Here's a one-off - this is another of these improved OPC mounted figures which I suspect are both cast and enhanced by Mr Gilder - note that this is another of these distinctive, Airfix-style horses. This is very similar to the tweaked Grenadier à Cheval which started this whole study project, but this chap has gold epaulettes and a bicorn, and he has no musket, so I think he's supposed to be an officer for the mounted grenadiers. Because you won't see many of these around, I've done 3 views of him.

 
Good grief - I thought I was ugly until I saw him. A number of the PG (?) figures show some corrosion of the areas of the figure which were treated with flesh-coloured paint - I've seen this quite a lot on old figures - I wonder what the paint was? Some lead in the pigment?
 

 
I also dug out, for a photograph, some samples of an ex-Eric unit of the 2eme Eclaireurs de la Garde, which have unmarked bases (in fact the bases may be sheet metal), and they look sort of like Alberken, though I suggest that they don't look very like the official FNC 4. I have plans to restore these fellows back to duty condition, though the 2eme Eclaireurs had a very limited service record, and have a very good chance of not being required for action very often.

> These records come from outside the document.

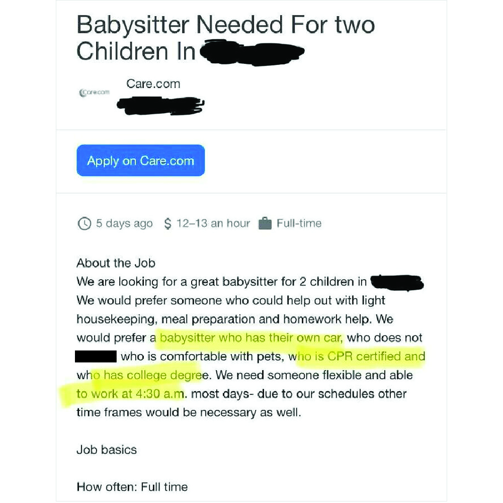 If you’re going to be that classist, you have to have basic spelling skills. They want a babysitter who will work five days of the week from six in the morning to seven at night, but it’s preferable that the sitter is in college.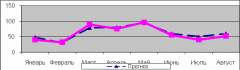 Рассмотрим график загрузки гостиницы на период с января 2009 года по август 2009 года (График № 2). Пунктирной линией обозначена прогнозируемая загрузка, рассчитанная службой отдела бронировании совместно с отделом маркетинга на основании данных о загрузках за прошлый год и информации о проведении запланированных мероприятий в городе. Сплошная линия показывает реальную загрузку гостиницы на этот период. График наглядно показывает на сколько точно можно рассчитать уровень загрузки, правильно используя имеющуюся информацию.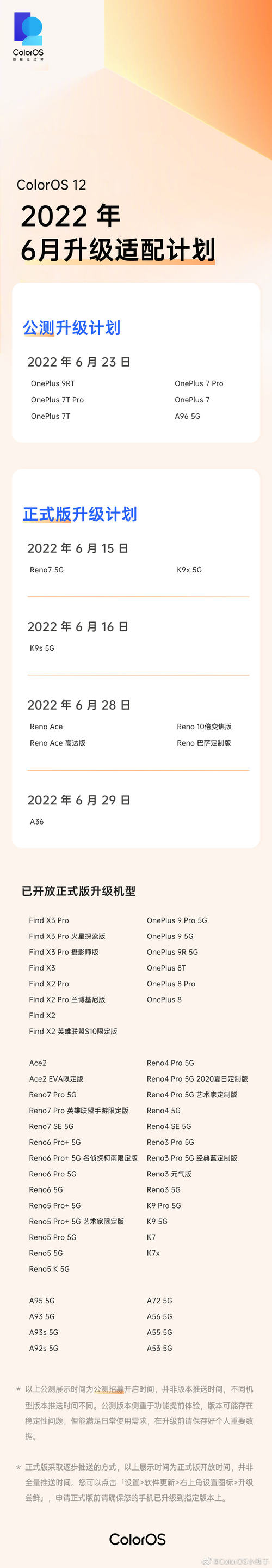 ColorOS 12正式版升级计划时间和机型信息如下。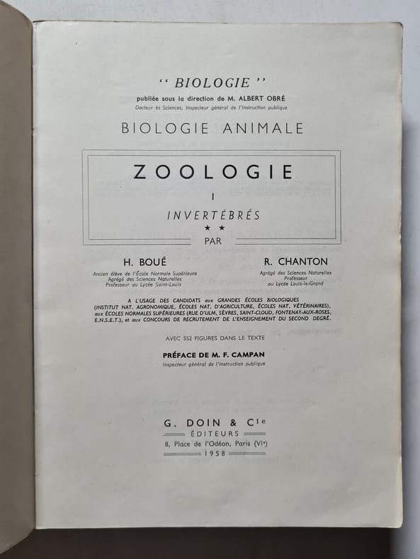 Préface de M.F. Campan. A l'usage des candidats aux grandes écoles biologiques, aux écoles suppérieures et aux concours de recrutement. Biologie publiée sous la direction de M. Albert Obré. Biologie animale. Classification Dewey : 590-Zoologie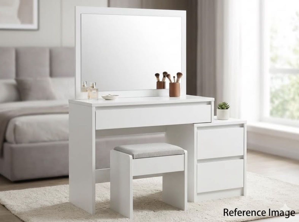 Brand new white makeup vanity / dressing table, never assembled. ✔ Modern design ✔ Multiple drawers for makeup & accessories ✔ Perfect for bedroom or dressing area ✔ Solid and heavy construction Condition: Brand new in box (Box opened slightly only to verify contents) Assembly required. Photo for reference. 📍 Local pickup 📩 Message if interested – First come, first served.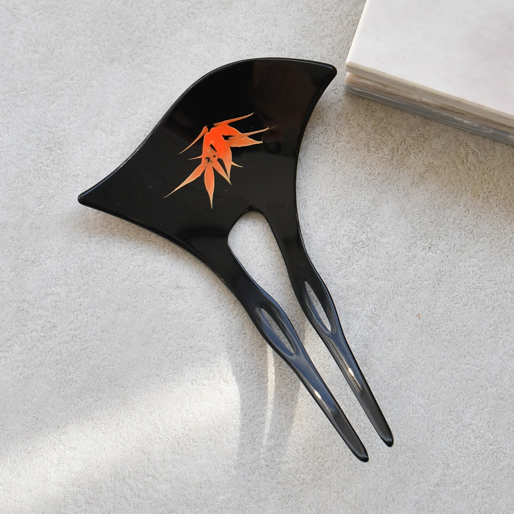 髪にすっと差し込むだけで、上品な和の装いを完成させるバチ型かんざし。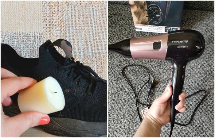 Также можно сделать обувь влагостойкой с помощью обычного парафина. Не нужно ничего растапливать или проводить какие-то предварительные мероприятия. Просто возьмите свечу и тщательно обработайте ею всю поверхность ботинок, в том числе стыки и швы. Далее возьмите фен, включите его на полную мощность и прогрейте обувь по всей площади. Во время процедуры парафин начнет плавиться – это нормально. Благодаря этому он быстрее впитается в материал обуви. Вуаля – теперь вашим любимым ботинкам не страшны лужи и снег, они останутся сухими.

I hope you enjoyed that lot - time for me to get properly tidied up and get on with a sensible weekend - I hope to paint some WSS figures today, but we seem to have a North-East wind again, and the attic is perishing cold!


***** Late Edit *****

 
"I wonder what history will say about them, eh? You couldn't pass me the loofah, could you, Soult?"
 
Completely different topic - my DVD for the 1970 Waterloo movie has to be just about my greatest buy ever - I think I paid £3.90 for it, years ago, and I must have watched it over a hundred times. However, I observe that there is a BluRay version available. Now, I use a BluRay player, which definitely improves the quality of the picture from my DVD, but I was thinking about buying the BluRay disc. Some of the reviews on Amazon are really pretty terrible - subtitles in random languages, all sorts of issues.

A question: does anyone have a BluRay disc of Waterloo, and is it any good? I see there is a "Special Edition" to be released on 14th June this year - I feel I ought to get a copy!